▶ _PROBLEM TO WORK ON_: Going down the listing below, print exactly each line from the one with "After the I-293" up to and including the one with "I wasn’t aware", and skip the rest.

── RECORD EXCERPTS

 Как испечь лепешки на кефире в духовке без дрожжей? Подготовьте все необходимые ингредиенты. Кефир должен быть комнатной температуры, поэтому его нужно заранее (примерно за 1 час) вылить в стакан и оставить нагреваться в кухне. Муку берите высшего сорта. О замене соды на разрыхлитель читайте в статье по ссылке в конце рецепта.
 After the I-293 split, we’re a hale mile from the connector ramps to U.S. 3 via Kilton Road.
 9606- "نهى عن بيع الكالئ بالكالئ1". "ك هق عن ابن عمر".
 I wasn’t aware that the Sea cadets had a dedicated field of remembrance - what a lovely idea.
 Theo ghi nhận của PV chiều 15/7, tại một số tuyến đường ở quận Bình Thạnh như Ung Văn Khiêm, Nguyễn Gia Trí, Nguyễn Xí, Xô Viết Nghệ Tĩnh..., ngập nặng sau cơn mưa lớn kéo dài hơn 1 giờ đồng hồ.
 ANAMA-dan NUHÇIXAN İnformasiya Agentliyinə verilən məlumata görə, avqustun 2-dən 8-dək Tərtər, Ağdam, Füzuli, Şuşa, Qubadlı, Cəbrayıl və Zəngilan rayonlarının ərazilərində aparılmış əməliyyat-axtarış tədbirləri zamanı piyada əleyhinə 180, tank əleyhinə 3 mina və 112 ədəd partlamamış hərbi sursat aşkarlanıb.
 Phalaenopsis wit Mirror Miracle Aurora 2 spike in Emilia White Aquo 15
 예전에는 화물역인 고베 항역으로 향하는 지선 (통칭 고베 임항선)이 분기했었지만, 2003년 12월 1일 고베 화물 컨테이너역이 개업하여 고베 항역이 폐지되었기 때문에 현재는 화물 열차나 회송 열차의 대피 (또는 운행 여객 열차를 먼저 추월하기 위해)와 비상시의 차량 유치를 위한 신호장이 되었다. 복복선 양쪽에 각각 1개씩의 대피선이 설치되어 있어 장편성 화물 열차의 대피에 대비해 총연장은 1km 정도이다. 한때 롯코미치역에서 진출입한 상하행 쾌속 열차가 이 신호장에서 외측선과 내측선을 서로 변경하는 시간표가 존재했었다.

────
── RECORD EXCERPTS

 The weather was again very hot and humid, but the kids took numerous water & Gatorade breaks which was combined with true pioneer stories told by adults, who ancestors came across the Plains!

────

▶ _EXPECTED ANSWER_:
 After the I-293 split, we’re a hale mile from the connector ramps to U.S. 3 via Kilton Road.
 9606- "نهى عن بيع الكالئ بالكالئ1". "ك هق عن ابن عمر".
 I wasn’t aware that the Sea cadets had a dedicated field of remembrance - what a lovely idea.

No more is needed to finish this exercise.